Thu, December 01, 2011
Lifestyle > Society > 2011 World AIDS Day

Feature: Living with AIDS

2011-11-30 11:25:04 GMT2011-11-30 19:25:04(Beijing Time)  Xinhua English

KUNMING, Nov. 30 (Xinhua) -- Wearing high heels and black leggings, 39-year-old Zhang Lin looks just as composed and classy as any other working woman in the city of Ruili in southwest China's Yunnan province.

But just seven years ago, Zhang was wracked by depression and anger, unable even to leave her own home.

"For months, I couldn't get out of bed. I felt that my world had collapsed and that there was nothing to live for. I wanted to die," she said.

Zhang's husband died from AIDS in 2004, leaving her with an HIV infection and a 4-year-old son to care for on her own. Zhang's emotions ran from anger to denial in the first few months after she found out she had the disease.

"My late husband became very sick in September 2003 and was diagnosed with HIV/AIDS. I was tested HIV-positive at the same time," she said.

"I couldn't believe that I was ill. I didn't do anything wrong," she said.

When her husband died in 2004, the reality of her condition began to kick in and Zhang began to receive anti-retroviral therapy (ART) in September that year, becoming the second HIV carrier in Ruili to receive the treatment.

After receiving the ART treatment and attending lectures on HIV/AIDS sponsored by AIDS Care China (ACC), a non-governmental organization aimed at supporting people with HIV/AIDS, Zhang gradually came to peace with the disease and began to face it positively.

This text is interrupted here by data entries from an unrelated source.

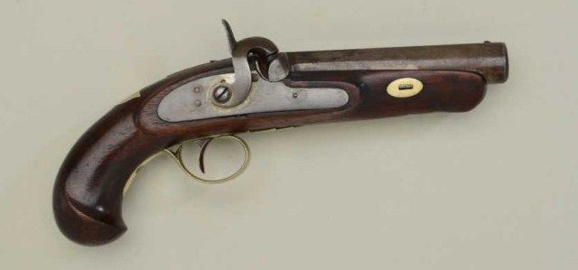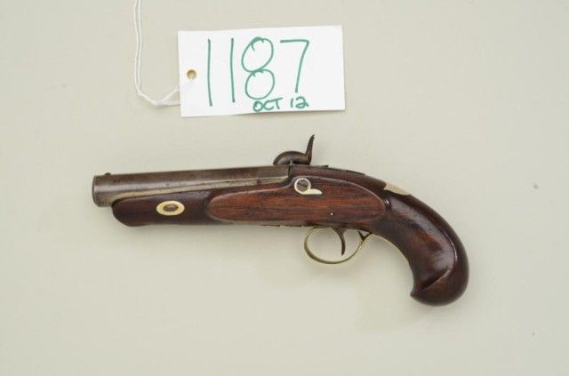 Large Philadelphia style percussion derringer possibly by Beerstecher but unsigned and single shot. The derringer measures 9” overall with 4-5/8” barrel of .44 caliber with six (6) groove rifling. The derringershows a plain un-checkered stock and non-engraved German silver mounts. The metal surfaces are in very good condition the light patina. The stocks are very good plus with a couple of mars in the forend and just normal aging. The action works well and the derringer is nicely made and closely resembles the two (2) shot that Beerstecher is known for. Est.: $1,400-$2,800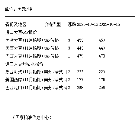 10月16日进口大豆到国内港口c&f及升贴水报价-ag旗舰厅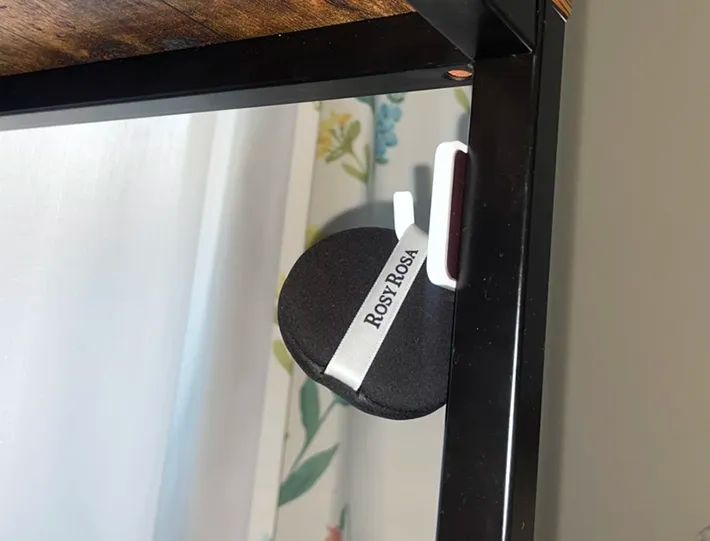 100均のマグネットフックを金属に貼りつけて… メイクパフの置き場問題を解決した結果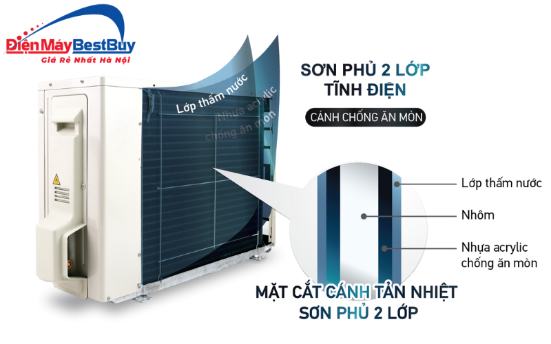 Dàn nóng được hoàn thiện chắc chắn, phù hợp lắp đặt ngoài trời và chịu được tác động của thời tiết trong thời gian dài.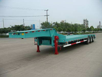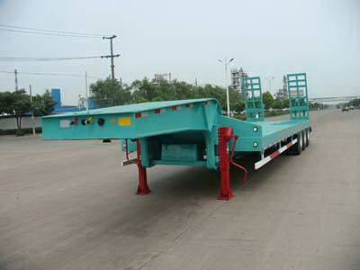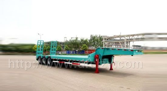 | 工程機械運輸低平板半掛車5承載面高度1000 mm,。選裝不露輪胎時承載面高度還可為1140 mm。僅可運輸不可拆解物體。爬梯為選裝件,不裝爬梯時外形高1850 mm。外形長為12500時對應軸距7930+1310+1310,整備質量10000,載質量29800。 |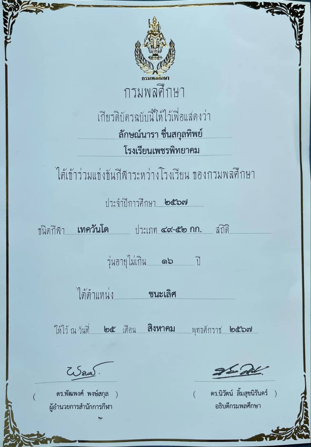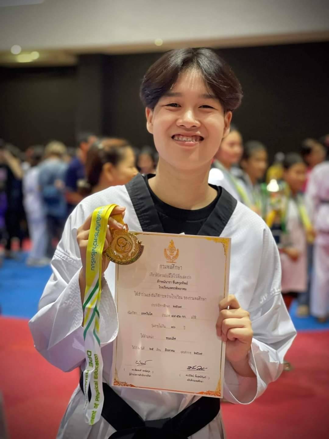 จากการแข่งขันกีฬาระหว่างโรงเรียน ประจำปีการศึกษา 2567 สังกัดกรมพลศึกษา กีฬาเทควันโด รุ่นอายุไม่เกิน 16 ปี น้ำหนักไม่เกิน 49 - 52 กก. หญิง รางวัลเหรียญทอง ชนะเลิศ จัดขึ้นระหว่างวันที่ 21-26 สิงหาคม 2567 ณ สนามกีฬาเฉลิมพระเกียรติฯ อำเภอธัญบุรี จังหวัดปทุมธานี

She set up the Ruili Red Ribbon Home in May 2006 with the support of the ACC, the Ruili AIDS prevention and control bureau and the municipal center for disease control and prevention.

"Our NGO provides consultations and psychological support to people with HIV/AIDS, distributes medicine, visits patients in hospital and organizes group activities to help AIDS patients and HIV carriers bond with each other," said Zhang.

The Ruili Red Ribbon Home is currently helping 723 people living with HIV/AIDS and has helped over 900 people in total since its inception, Zhang said.

According to figures from the Ministry of Health, China registered 429,000 AIDS patients and HIV carriers as of the end of September, up by nearly 60,000 over the past 11 months.

In Ruili's Dai-Jingpo autonomous prefecture of Dehong, over 60,000 people were tested from January to October and 380 of them were found to be HIV-positive, said Zhang Miaoyun, head of the municipal AIDS prevention and control bureau.

"In 2010, we tested 31,000 people and found 390 new infections, while in 2009, 438 new cases were found among the 30,000 people taking the test," the official said, indicating that the number of new infections has been dropping.


"Most infected people want to shut other people out, so I've been sharing my own story with them, hoping they can identify with me and stop feeling like they've been shunned," Zhang said.

Zhang regained her own confidence and found a new purpose in life and love after starting her work at the NGO.

"I get a sense of fulfillment and self-worth doing what I do. I even met my new husband, another HIV carrier. We got married in early 2010," she said.

Zhang now resides with her new husband and her 11-year-old son in Ruili, living just next door to her parents-in-law from her first marriage.

"The parents of my late husband have been very supportive in my treatment, my work at the Red Ribbon and now my new marriage," Zhang said. "I am really grateful to have such a supportive family."

It took a long time for Zhang to come to terms with her illness and regain her desire to live, especially in a place where discrimination against HIV/AIDS is rampant.

In the border province of Yunnan, social stigma against HIV/AIDS is still widespread, as most of the previous sufferers of the disease were drug addicts and prostitutes.

"It was scary to be out there, organizing activities for the affected population and risk being exposed, but I overcame my fear," Zhang said.

Zhang's neighbors, with the exception of her parents-in-law, still don't know she is a carrier.

"It's not like knowing my status would help my neighbors in any way, so why burden them?" Zhang said.